What to do: Every line of the data below must be output exactly, with images left out.

Data entries:
Start of Block

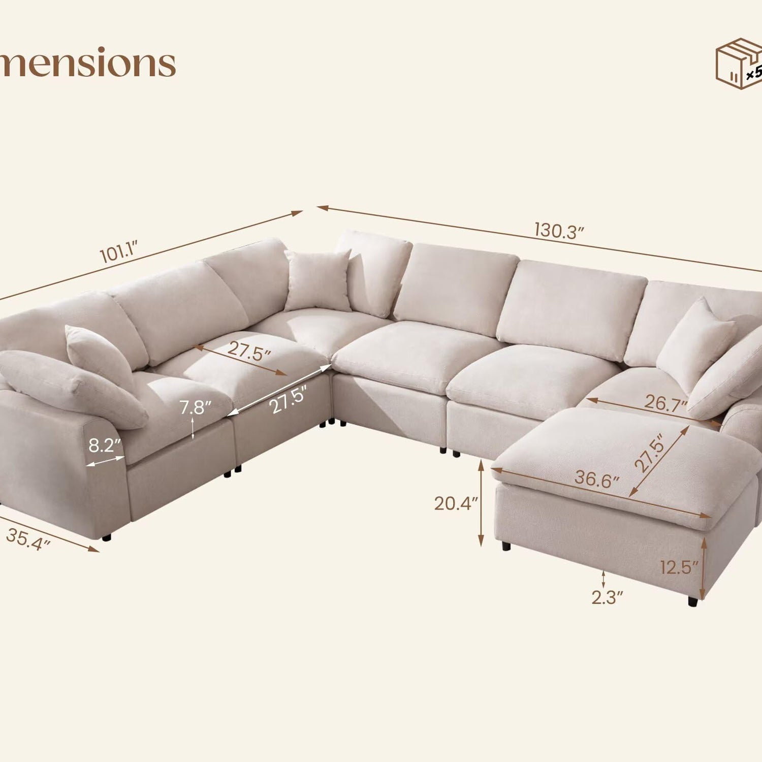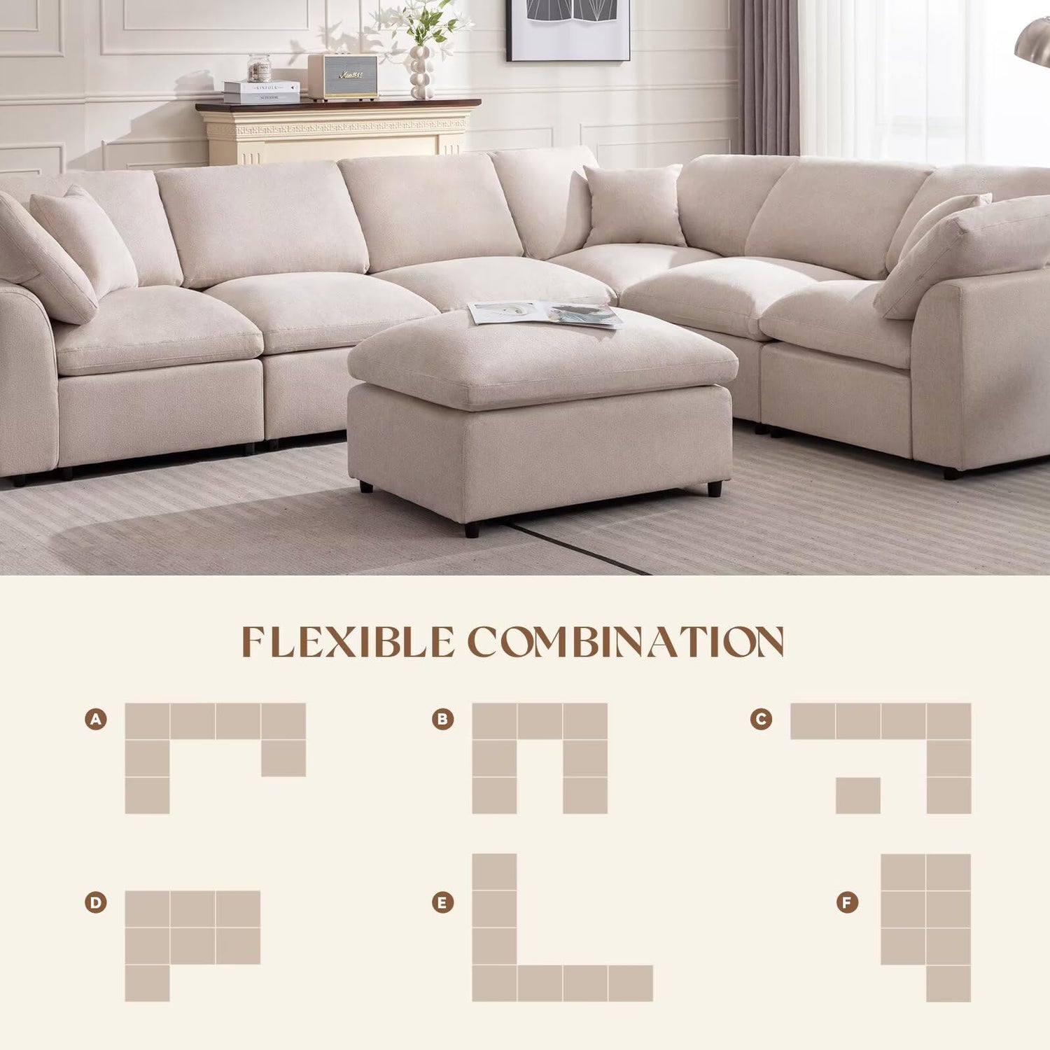 - Built to Last, Made to Enjoy: Made with a solid wooden frame, this large 7-seater cloud couch sectional offers long-lasting strength and stability. It includes 3 corner seats, 3 armless chairs, and 1 ottoman—durable, roomy, and ready for daily use, family time, and everything in between
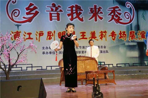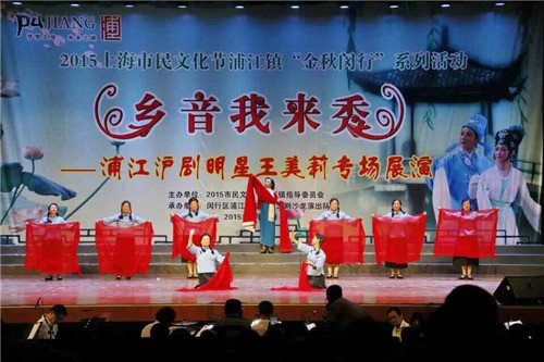 2015年上海市民文化节浦江镇“金秋闵行”系列活动,乡音我来秀——浦江镇沪剧明星王美莉专场展演,昨天下午在浦江影剧院举行。本次活动由2015市民文化节浦江镇指导委员会主办,闵行区浦江镇联星村沪剧沙龙演出队共同参与演出。
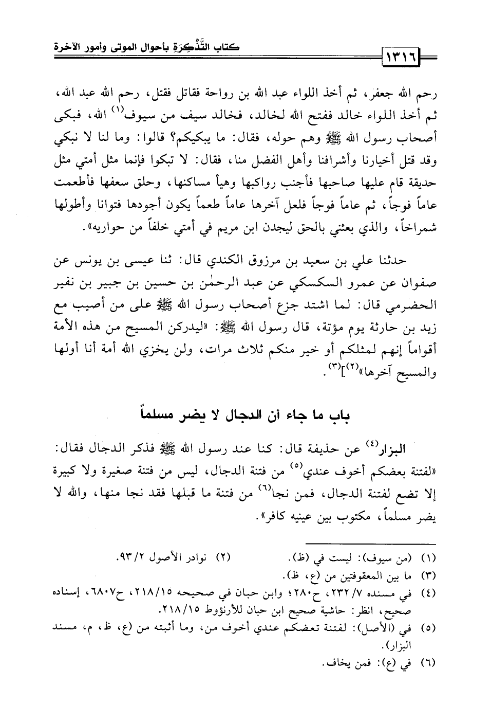 البزار «عن حذيفة قال: كنا عند رسول الله صلى الله عليه وسلم فذكر الدجال فقال: لفتنة من بعضكم أخوف عندي من فتنة الدجال ليس من فتنة صغيرة ولا كبيرة إلا تضع لفتنة الدجال، فمن نجا من فتنة ما قبلها فقد نجا منها والله لا يضر مسلماً.
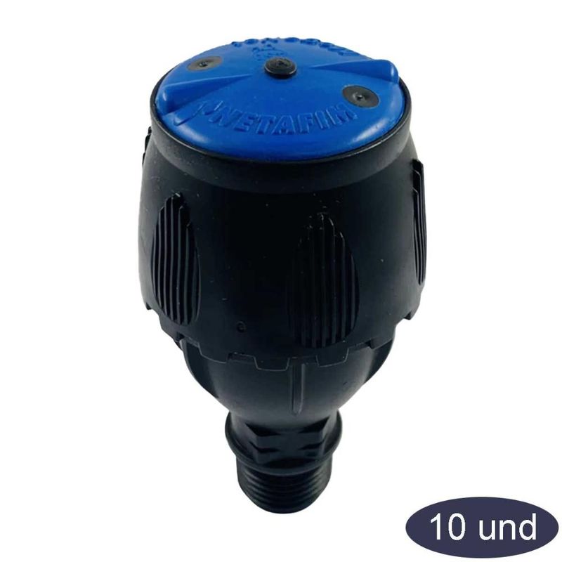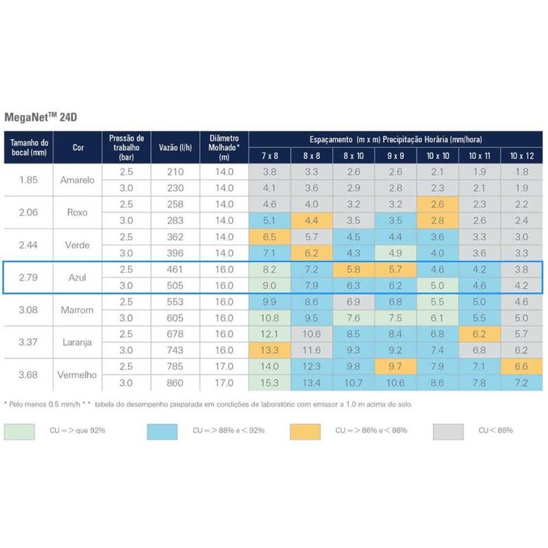 Aspersor Meganet 24d Azul 450 L/h Netafim 10 Unidades Aspersor para irrigação em área total com vazão de 450 L/h para irrigação de pastagens e hortaliças. Dados TécnicosBocal: 2.79 mm;Cor: Azul;Vazão: 450 L/h;Pressão de Trabalho: 2.3 bar;Diâmetro Molhado: 16 m;Conexão: Rosca macho de 1/2". Características Técnicas Aspersor pop-up regular (não autocompensado);Pode ser autocompensado acoplado a um regulador de pressão;Possui proteção contra raios ultravioletas e produtos químicos;Produzido sob a norma ISO 8026;Ampla faixa de vazão;Trajetória da água: 24 graus;Dois jatos simétricos;Filtro interno de tela;Pop-up (partes internas sempre protegidas). AplicaçãoHortifruti;Irrigação de campo aberto em geral;Mitigação dos efeitos de geadas;Pastagem;Produção de mudas.
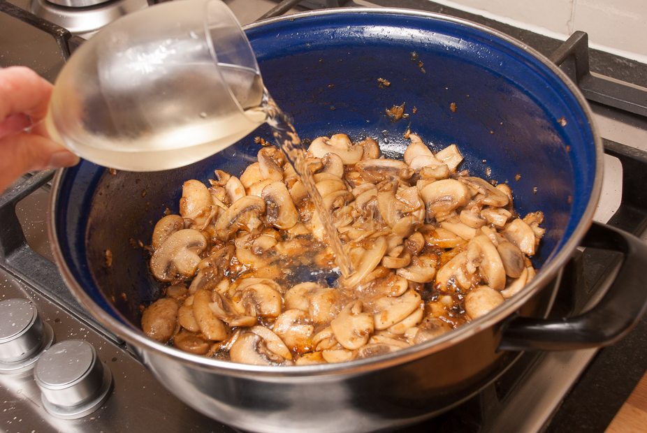 Ik kook graag met witte wijn, het geeft net een extra smaakdimensie aan de saus. Maar je kunt het ook gewoon weglaten. Als je nooit wijn drinkt en het dus ook niet in huis hebt is het zonde om er een fles voor te kopen.

End of Block

Exercise answer:
 - Built to Last, Made to Enjoy: Made with a solid wooden frame, this large 7-seater cloud couch sectional offers long-lasting strength and stability. It includes 3 corner seats, 3 armless chairs, and 1 ottoman—durable, roomy, and ready for daily use, family time, and everything in between
 2015年上海市民文化节浦江镇“金秋闵行”系列活动,乡音我来秀——浦江镇沪剧明星王美莉专场展演,昨天下午在浦江影剧院举行。本次活动由2015市民文化节浦江镇指导委员会主办,闵行区浦江镇联星村沪剧沙龙演出队共同参与演出。
 البزار «عن حذيفة قال: كنا عند رسول الله صلى الله عليه وسلم فذكر الدجال فقال: لفتنة من بعضكم أخوف عندي من فتنة الدجال ليس من فتنة صغيرة ولا كبيرة إلا تضع لفتنة الدجال، فمن نجا من فتنة ما قبلها فقد نجا منها والله لا يضر مسلماً.
 Aspersor Meganet 24d Azul 450 L/h Netafim 10 Unidades Aspersor para irrigação em área total com vazão de 450 L/h para irrigação de pastagens e hortaliças. Dados TécnicosBocal: 2.79 mm;Cor: Azul;Vazão: 450 L/h;Pressão de Trabalho: 2.3 bar;Diâmetro Molhado: 16 m;Conexão: Rosca macho de 1/2". Características Técnicas Aspersor pop-up regular (não autocompensado);Pode ser autocompensado acoplado a um regulador de pressão;Possui proteção contra raios ultravioletas e produtos químicos;Produzido sob a norma ISO 8026;Ampla faixa de vazão;Trajetória da água: 24 graus;Dois jatos simétricos;Filtro interno de tela;Pop-up (partes internas sempre protegidas). AplicaçãoHortifruti;Irrigação de campo aberto em geral;Mitigação dos efeitos de geadas;Pastagem;Produção de mudas.
 Ik kook graag met witte wijn, het geeft net een extra smaakdimensie aan de saus. Maar je kunt het ook gewoon weglaten. Als je nooit wijn drinkt en het dus ook niet in huis hebt is het zonde om er een fles voor te kopen.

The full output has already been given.